General information
- Location: Harbor City, Los Angeles, California
- Status: 401 units

Construction
- Constructed: 1941-1942

Listing
- Demolished: 1997

Other information
- Governing body: Housing Authority of the City of Los Angeles

= Normont Terrace =

Public housing in Harbor City, Los Angeles (1942–1997)

Normont Terrace was a 400-unit public housing project in the Harbor City neighborhood of Los Angeles, California. It was operated by the Housing Authority of the City of Los Angeles. The development was shut down and was completely razed in 1997. Norment Terrace has since been replaced by a mixed-income development and renamed Harbor Village in 1999.

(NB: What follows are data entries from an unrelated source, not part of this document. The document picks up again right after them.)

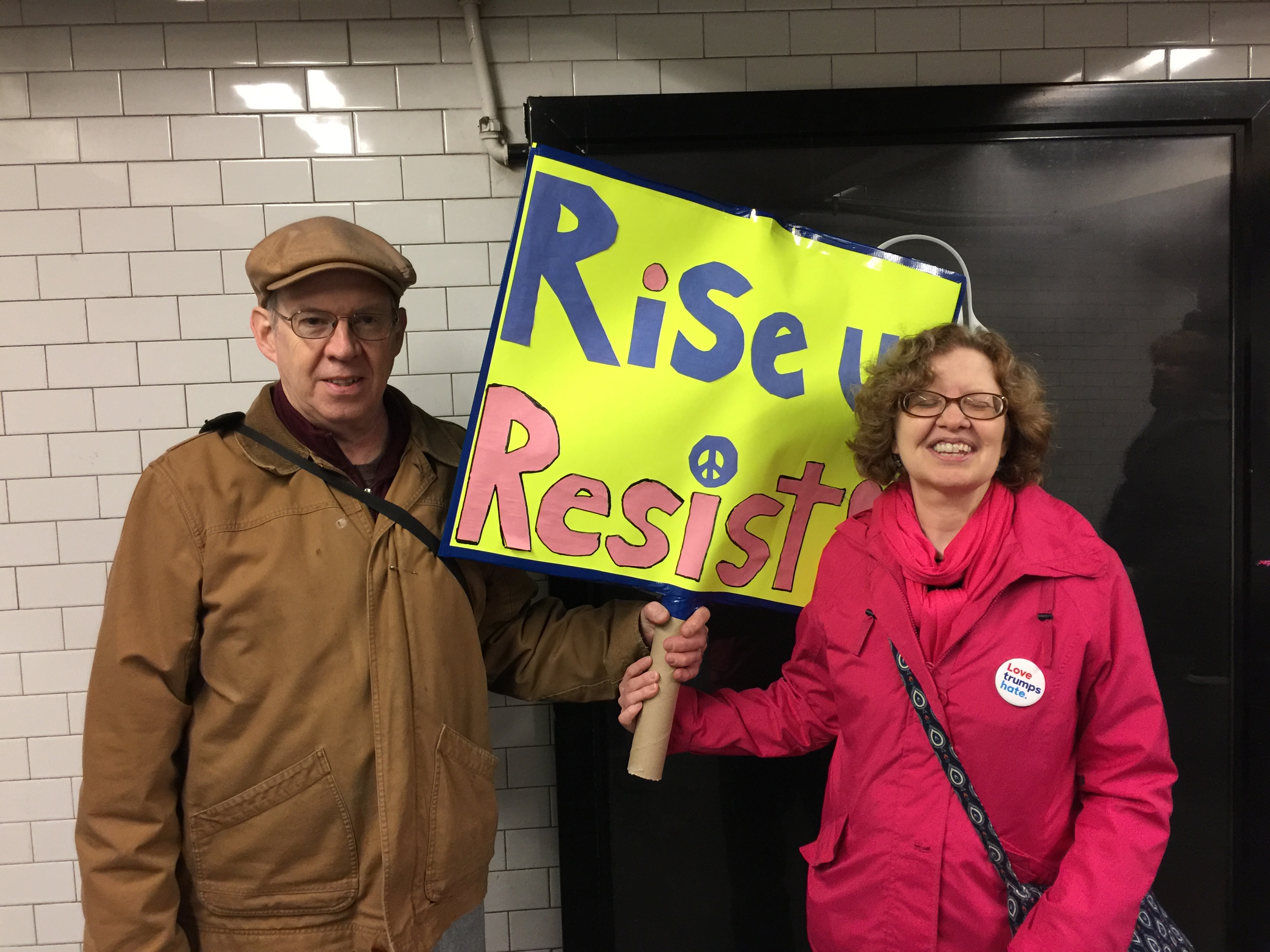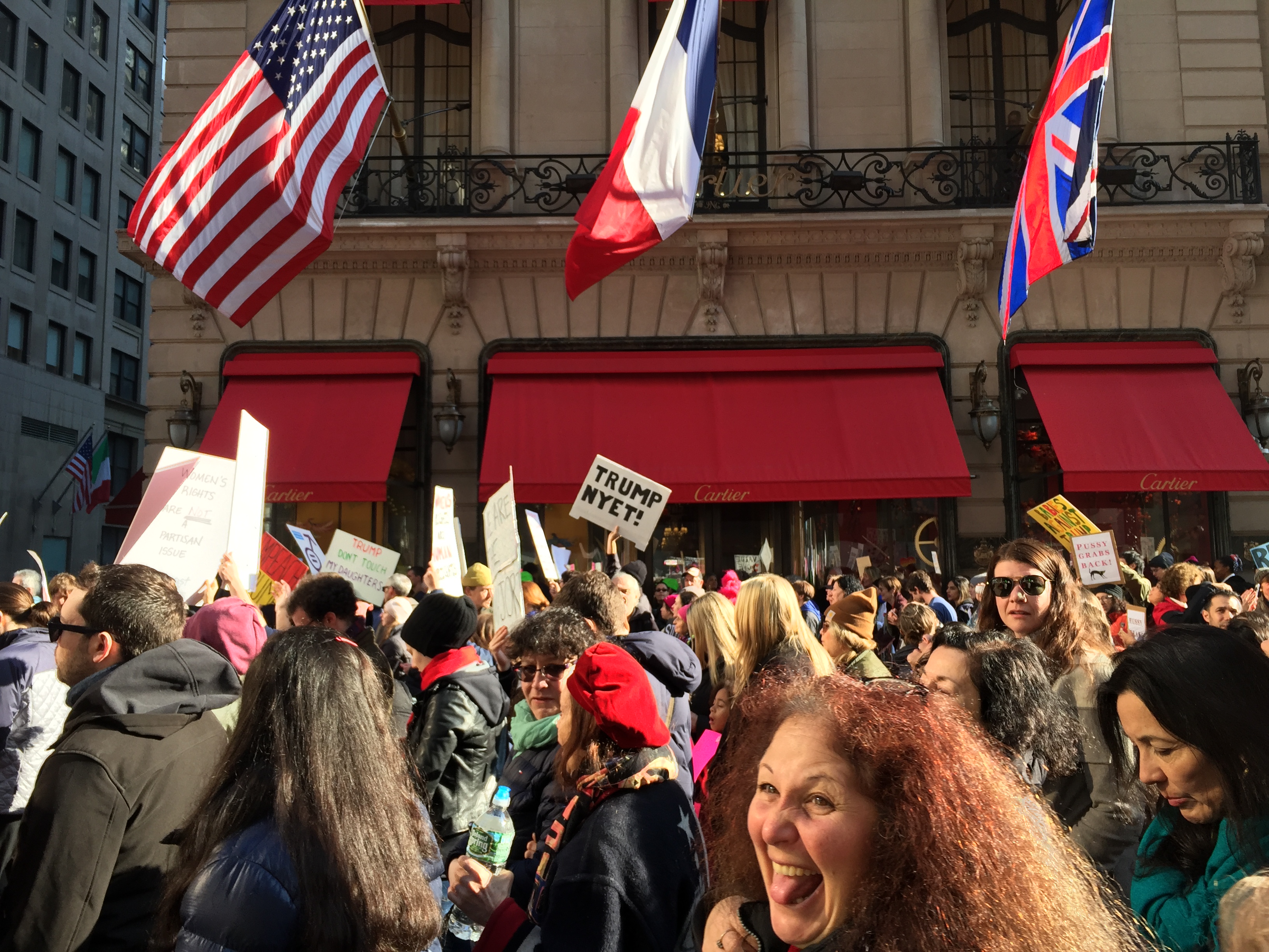 At about 1:30, I slithered into the crowd of marchers at 43rd street and Third Avenue in Midtown Manhattan. Although cars were still trying to navigate the streets of the East Side, it was a losers’ game. We were not just activists after all, we were New York activists: cars are nothing to us. We were veterans of the civil rights movement, women’s liberation, the antiwar movement and the Mobe, gay liberation, ACT-UP, #BlackLivesMatter, and Occupy. We have participated in at least a dozen marches on Trump Tower and other Trump-branded buildings since The Donald became president-elect of the United States in the wee hours of November 9 2016.
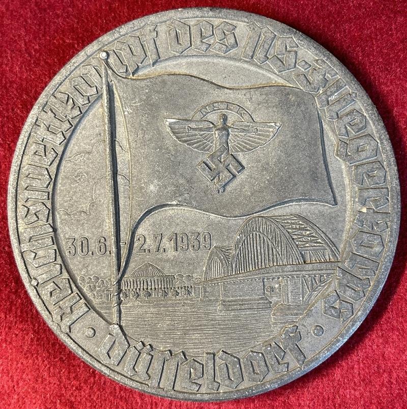 In a very good condition a NSFK Plaque Reichs competition of the NS flying corp Düsseldorf Frontside: Reichswettkampf des Nationalsozialistisches Fliegerkorps Düsseldorf 30.6.-2.7.1939. NSFK emblem in the middle on a large flag. With some landmarks of Düsseldorf Backside: NSFK men running with full gear and above a glider flying above the clouds. The plaque is made from zinc and lost most of its silvering. The zinc it self is in excellent condition.
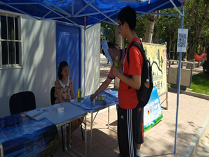 上午8点,青协工作人员到达经管楼前,进行放置宣传板、悬挂横幅、分组等准备。活动前期阶段,各班班长通过播放宣传片、群发西部计划宣传册等方式向同学们宣传,提高同学们的关注度。活动正式开始后,值班人员向过往的同学们发放传单,介绍西部计划活动的相关内容同时对于主动了解的同学赠送小礼物,鼓励同学们积极参与。活动结束后,工作人员将报名表进行整理统计。

==History and redevelopment ==
The housing development was originally built in 1942 and was located off Pacific Coast Highway and Vermont Avenue. It served as temporary housing for the military families and eventually became low-income housing. In the 1950s, it was occupied by whites, blacks and Hispanic families. By the early 1960s, majority of the whites moved out and it became predominately black and Latino with a small percentage of Asians living there. During the mid-1980s, crime in the project and surrounding areas began to increase with the rise in street gangs, drugs and violence. The project had become homebase for the two major street gangs, the Harbor City Crips (formed in the mid-1970s) and the Harbor City Rifas (also known as the Harbor City Boys, formed in the 1980s). Both gangs became allies and co-existed in the project until its closure. According to the Los Angeles Times, gunshots rang out frequently in Normont Terrace during the height of gang wars. In 1993 Housing Authority of the City of Los Angeles decided to demolish and redevelop the project into 800 condominiums, 400 of which will be leased to the current, low-income residents. The demolition began in 1996 and was complete in 1997. In 1999 Harbor Village opened on the former site of Normont Terrace.